I like that bit too and have one, just not in a 7" for my percheron. I'd have to have it made by Myler for her, which I may just do.


----------



## COWCHICK77 (Jun 21, 2010)

I have yet to see a TT hanging in a trainers tackroom, that ought to tell you something....


----------



## Laffeetaffee (Dec 5, 2012)

CowboyBob said:


> Ok so I know someone that used this bit, "because their horse wouldn't stop" I never got them to understand that they needed to retrain the horse. I never understood this bit.
> 
> 
> 
> ...


[/QUOTE]
Lol I remember I was teaching my little neighbor about different bits and how they work, and I was putting them on my horse and saying "this is how you use this bit" and such... and I found a TTB in my barn and I half considered just leaving it in there, but I wanted to show her the effects of it. So I put it on my horse and she immediately stuck her head straight in the air. My little neighbor was so confused, she said "Are you pulling on the reins?? How come her head is so high?" I had the reins dropped on the horse's neck, I wasn't even touching them and the horse was reacting that bad.


----------



## JustImagine (Dec 2, 2012)

> Lol I remember I was teaching my little neighbor about different bits and how they work, and I was putting them on my horse and saying "this is how you use this bit" and such... and I found a TTB in my barn and I half considered just leaving it in there, but I wanted to show her the effects of it. So I put it on my horse and she immediately stuck her head straight in the air. My little neighbor was so confused, she said "Are you pulling on the reins?? How come her head is so high?" I had the reins dropped on the horse's neck, I wasn't even touching them and the horse was reacting that bad.

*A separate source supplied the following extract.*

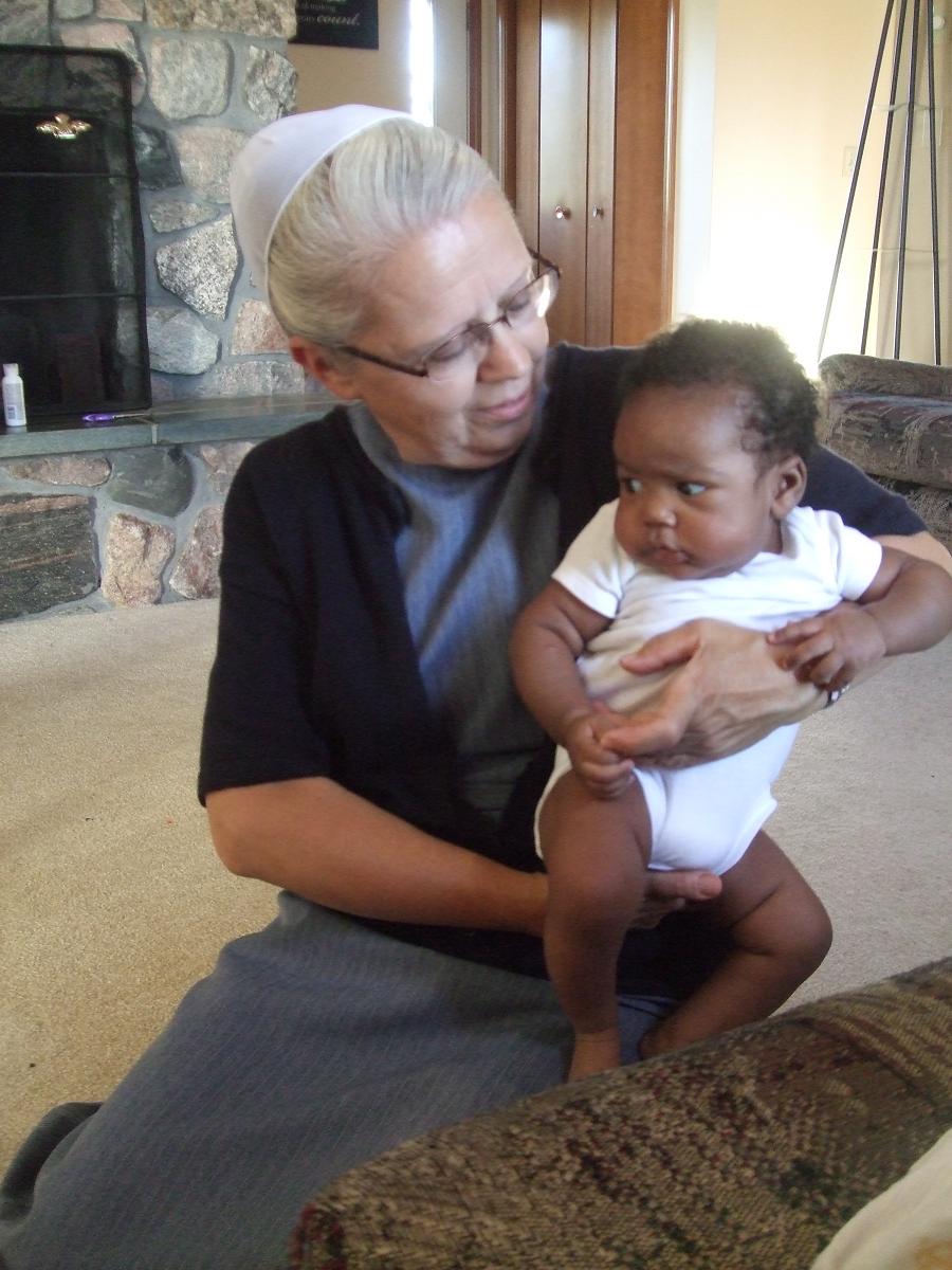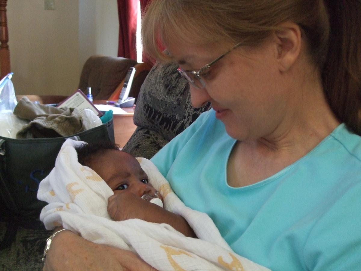 After the wedding was over, and Janet and Mark were safely off on their honeymoon, mom and aunt Rebecca went over to the place where Annette was staying so they could hold beautiful baby Justice for the first time.

That's exactly how my Arab was in the TT his first owners had him using; he would jam his head straight in the air. So what did they do? They tied his head down :shock: For YEARS. One of the best days of my life, was the day I put a bit in my Arab's mouth and he didn't clench his teeth to keep it out. I can't even begin to tell you how badly the combination of that bit and the tie-down messed him up.


----------



## howrsegirl123 (Feb 19, 2012)

I used a Tom Thumb on a horse once, only because that's all we had. But he would always pull and gape his mouth. So I switched to a plain snaffle and all of that stopped. He wasn't hard mouthed, it was the bit :/
_Posted via Mobile Device_


----------



## RiverBelle (Dec 11, 2012)

*Too Harsh?*

I don't want to 'steal' someone's thread, but I saw this thread, started reading, and thought that maybe I had been mistaken about horse bits too, like a couple other people had mentioned. You may want to read the whole thing to get the idea.

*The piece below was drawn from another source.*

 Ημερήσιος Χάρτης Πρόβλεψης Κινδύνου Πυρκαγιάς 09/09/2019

I had a grade saddle mare (who I figure was a Missouri fox-trotter) who had trouble staying at a walk. She had been trained by her pervious owner to pick up into her gait as soon as someone was in the saddle. For the 6 years I had her before she passed away, I could never ever ever get her to slow down. I rode her with a basic snaffle bit at the beginning, and she nearly ran off with me, so I moved to this bit:









I found this bit in the garage because my dad used to own horses and has some left over stuff. Please remember that this mare was my first real horse that I could call my own, and that my dad had never been a horse person. He didn't even now what a 'frog' or 'bridle path' was. I had been studying for years before I got my first horse, but I never really studied up on bits..

Now my mare did really well with this bit for a while. She would want to gait and go faster, but she would tuck her head and have this beautiful show, flashy walk. She seemed to do really well with it.

I don't know if I was doing something wrong, but over the years her mouth got harder and harder, and I got to the point where I was scared she would try to bolt with me. so I went to the tack store and the man there told me I needed this bit, so I bought it.:









the tack shop owner is a older man who has been riding, showing, breeding, and training Tennessee Walkers his whole life, so I trusted his judgement. He told me that my mare needed a longer shank, and that this bit would be the next step up. He said it would make her slow down and listen but wouldn't be too harsh and hurt her mouth. I rode her in it and OMG she rode like a dream. nice and smooth and slow.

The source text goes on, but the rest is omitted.